All first-time adult intensive care admissions in Sweden during 2009–2017 were included. A test set was set aside for validation. We trained ANNs with two hidden layers with random hyper-parameters and retained the best ANN, determined using cross-validation. The ANNs were constructed using the same parameters as in the SAPS 3 model. The performance was assessed with the area under the receiver operating characteristic curve (AUC) and Brier score.


A total of 217,289 admissions were included. The developed ANN (AUC 0.89 and Brier score 0.096) was found to be superior (p <10−15 for AUC and p <10−5 for Brier score) in early prediction of 30-day mortality for intensive care patients when compared with SAPS 3 (AUC 0.85 and Brier score 0.109). In addition, a simple, eight-parameter ANN model was found to perform just as well as SAPS 3, but with better calibration (AUC 0.85 and and Brier score 0.106, p <10−5). Furthermore, the ANN model was superior in correcting mortality for age.


ANNs can outperform the SAPS 3 model for early prediction of 30-day mortality for intensive care patients.


Outcome prediction on admission to the intensive care unit (ICU) is a difficult task as patients are admitted with a wide array of diseases with varying severity in addition to patients’ diversity in terms of age and comorbidities. In this study, we investigate if the current gold standard of early (within 1 h of admission) ICU-scoring, the Simplified Acute Physiology Score (SAPS 3) [1, 2] could be improved using artificial neural networks (ANN).
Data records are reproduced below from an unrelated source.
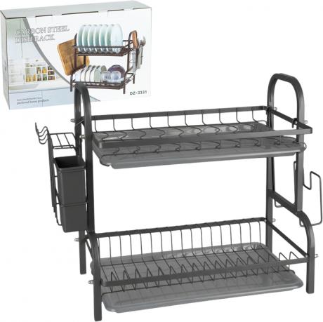 Настольная двухъярусная сушилка для посуды предназначена для удобного размещения и сушки тарелок, чашек и кухонных принадлежностей. Размер сушилки без держателей — 43×25×42 см. В комплект входит пластиковый поддон для ложек с отверстиями для слива воды размером 5×7×12 см, металлический держатель для ножей, лопаток и других кухонных принадлежностей размером 15×13×5 см, оснащённый 4 крючками, а также держатель для разделочных дощечек. Конструкция устойчивая и практичная, подходит для размещения на столешнице.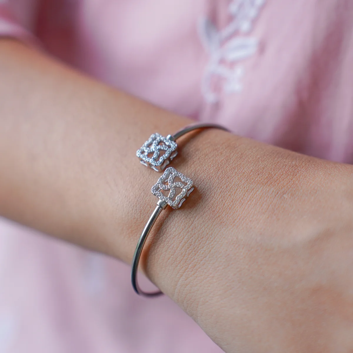 This sleek, polished cuff features a metal band finished with two bold, square finials. Each square is defined by a border of diamond accents and an intricate, openwork design at the center. The combination of clean lines and delicate pattern creates a dynamic and luxurious accessory, perfect for the modern woman who loves architectural jewelry.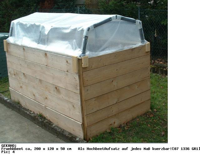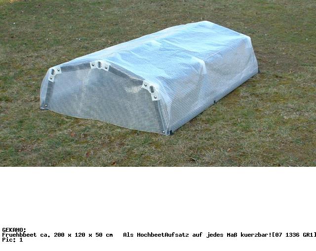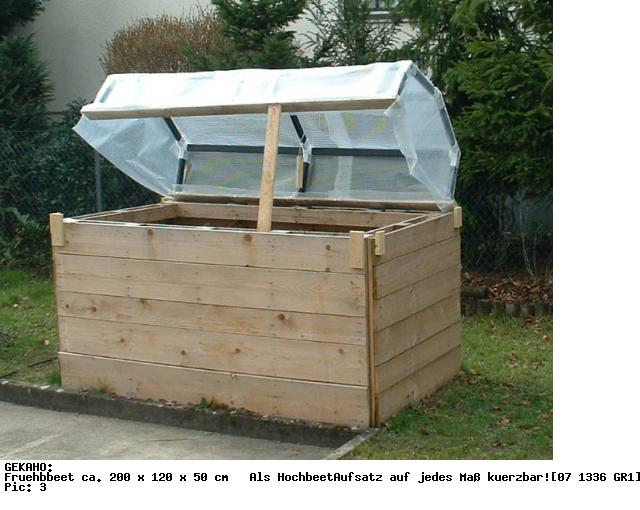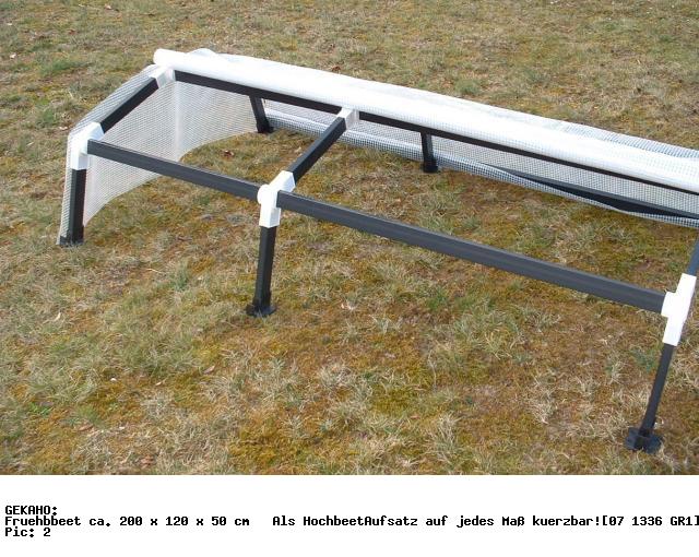 Es kann auf jedes beliebige kleinere Maß gekürzt bzw. angepasst werden, so kann es für viele im Handel erhältlichen Hochbeeten als Abdeckung eingesetzt werden. Dank der Standfüße ist das Frühbeet aber auch auf der Terrasse oder dem Balkon einsetzbar. Wenn Sie ein größeres Maß benötigen fragen Sie uns nach einem "Erweiterungssatz" für Ihre Größe!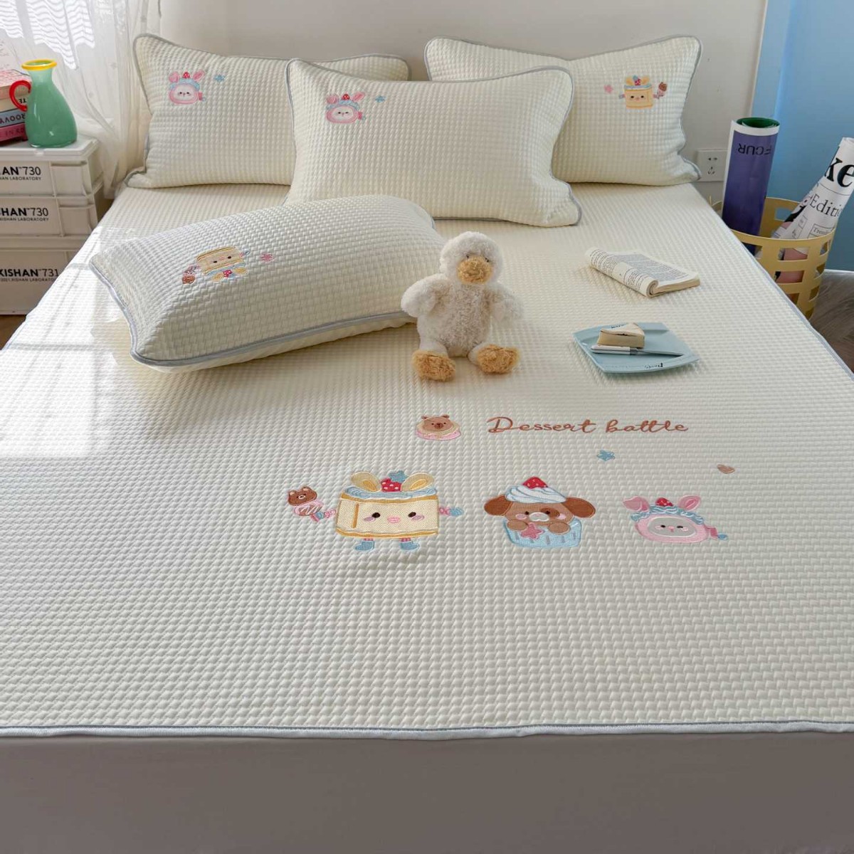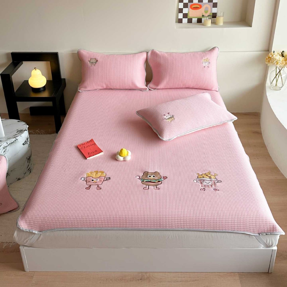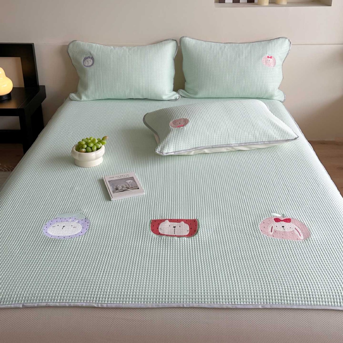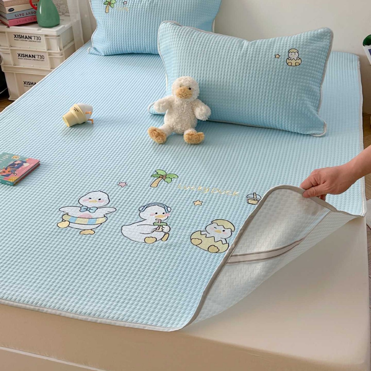 马卡龙色系PE超高分子冰豆豆凉感凉席三件套单双人席折叠机洗床笠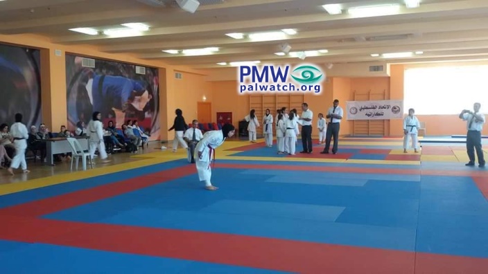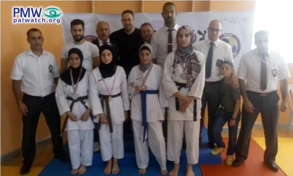 “The southern branch of the Palestinian Karate Federation completed the kata and fighting championship for girls, the Sisters of Dalal Mughrabi Championship (i.e., Mughrabi was a terrorist who led murder of 37, 12 of them children), at Putin Sports Hall in Bethlehem with the participation of 55 female athletes from a number of centers in the southern [West Bank]. Head of the southern [Palestinian Karate] Federation Nidal Abu Turki and Head of the Southern [Palestinian Karate] Federation’s Technical Committee Muhammad Abu Eida were present at the championship.”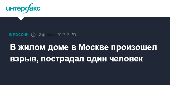 Москва. 13 февраля. INTERFAX.RU - Один человек пострадал в результате взрыва в жилом доме на юге Москвы, сообщил "Интерфаксу" источник в правоохранительных органах в понедельник. "Взрыв произошел в жилом доме по адресу улица Ялтинская, дом 2, в результате взрыва пострадал один человек", - сказал собеседник агентства.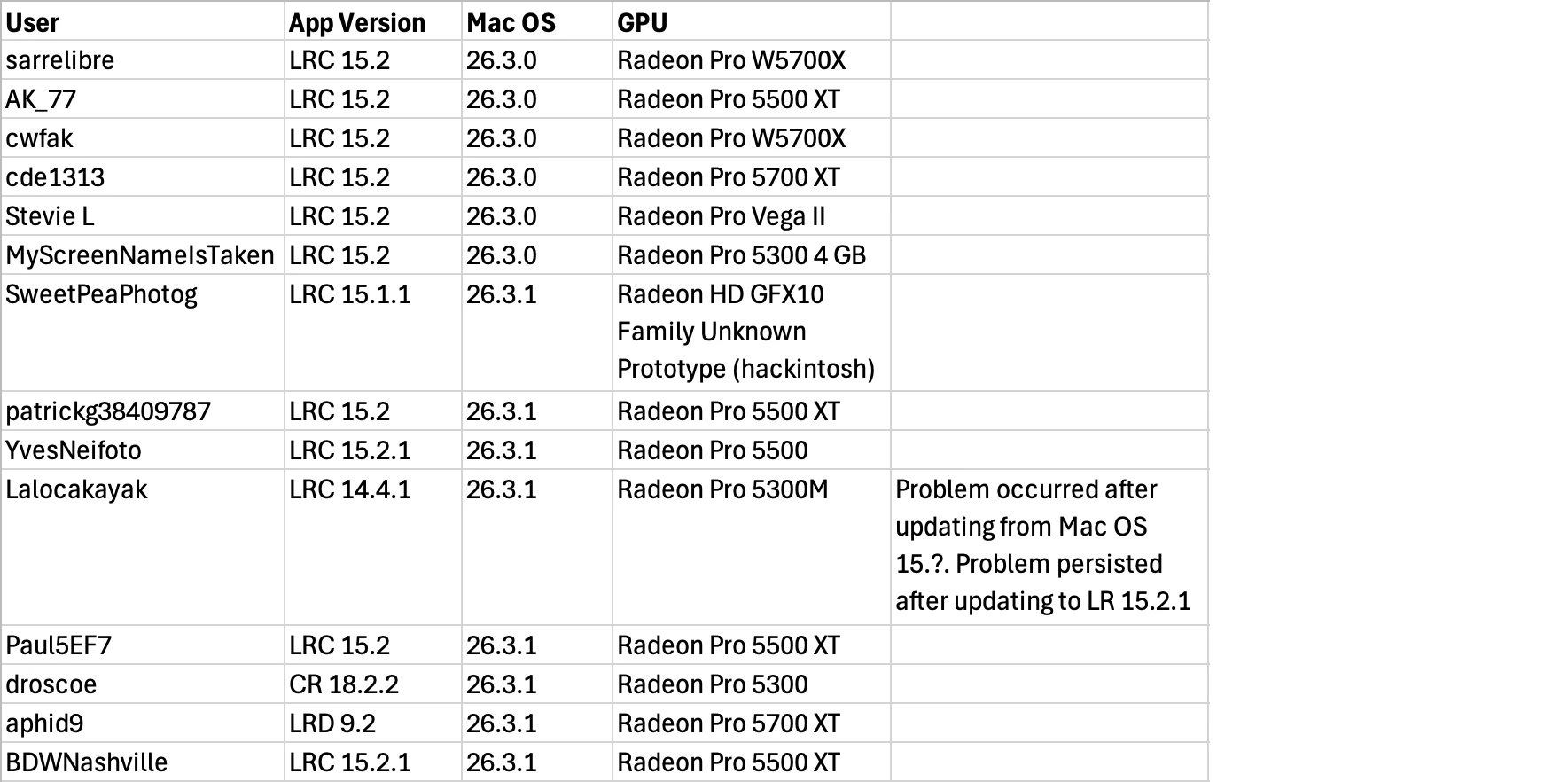 - Starting 4/1/24 on Mac OS 14.4.1 (released 3/25/24), many Intel Mac LR users with AMD 500- and 5000-series GPUs started reporting strange image artifacts in rendered raws: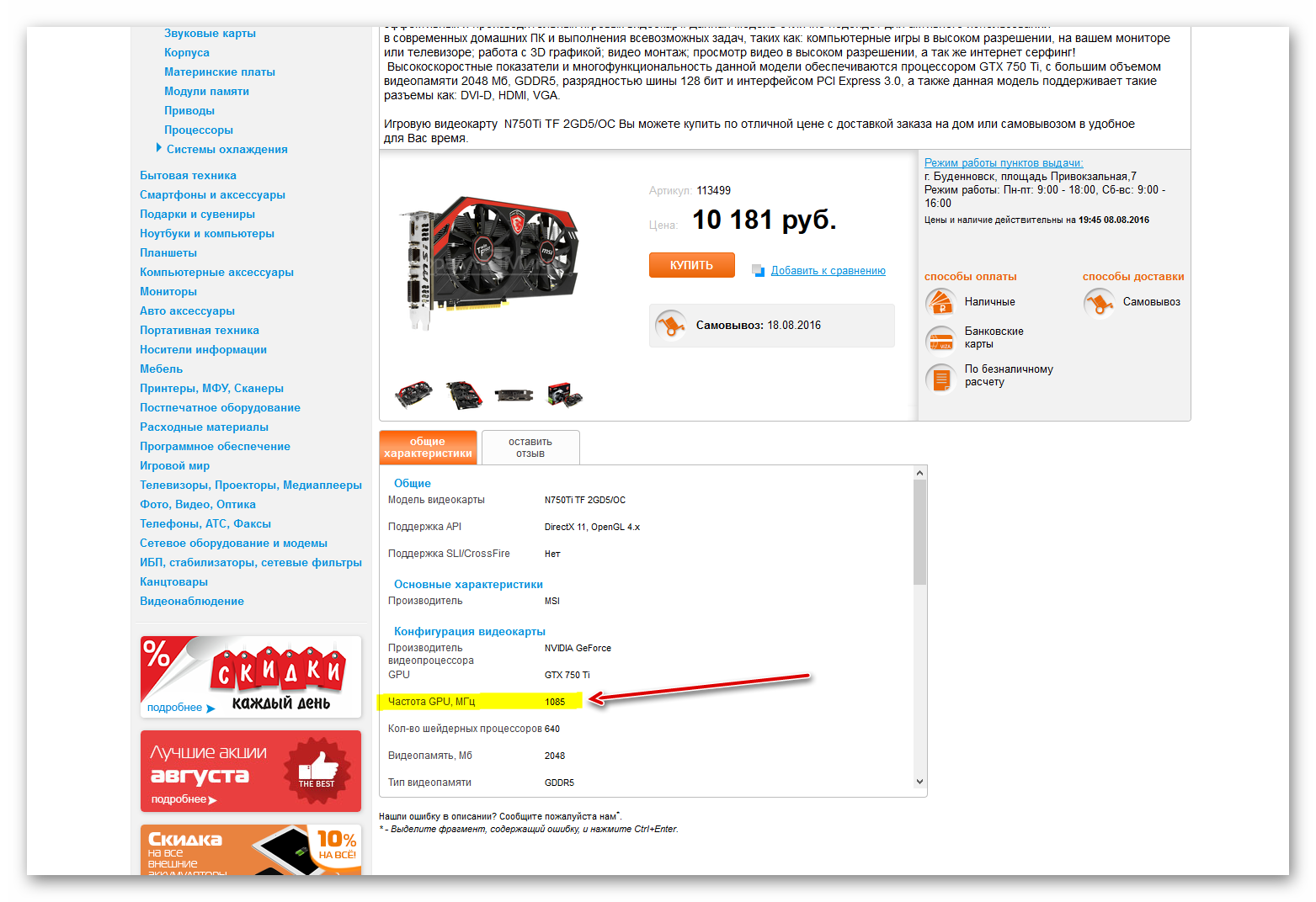 И я помню разговор с продавцом, о заявленной чистоте заводского разгона, и что она 1085 MHz (правда видеокарты тогда не было в наличие, и пришлось заказывать через сайт магазина). Вопрос: Стоит ли подымать шумиху из за того, что подсунули видеокарту с меньшей чистотой, или это особо не важно и волноваться не стоит? Всё же если разгоняю, то значение ставлю выше 1059-1085. Похоже это русская рулетка, какую карту пришлют, ведь внешне не отличить.

An ANN is a collection of nodes or artificial neurons, which loosely model the neurons of the brain. Each connection or edge, like the synapses in a biological brain, can transmit a signal from one node to another (see Fig. 1). A node that receives a signal processes it and subsequently conducts it outwards to other conjoined nodes. The signal between nodes is typically a real number, and the output of each artificial neuron is computed by some non-linear function of the sum of its inputs. Artificial neurons and edges typically have weights that adjust as learning proceeds. The weight increases or decreases the strength of the signal at a connection [3].

Fig. 1

ANN. A schematic artificial neural network (ANN) with two hidden layers and a single neuron output

Advances in computing speed and the development of efficient algorithms have led to a renaissance for machine learning techniques such as ANNs during the last decade. The use of machine learning has proven to be valuable in a wide variety of medical fields, from the interpretation of cardiac magnetic resonance imaging for mortality prediction of pulmonary hypertension to detecting skin cancer [4, 5]. Machine learning has also been found to be a promising technique in prognostication of the critically ill but only in conjunction with data available after 24 h and comparing with the Acute Physiology And Chronic Health Evaluation (APACHE) model. In a study from 2015, Pirracchio et al. found that an ensemble of machine learning techniques could improve ICU prediction [6]. Similarly, in Kim et al. [7], the authors used different machine learning algorithms to estimate ICU mortality from data collected within the first 24 h of ICU admission.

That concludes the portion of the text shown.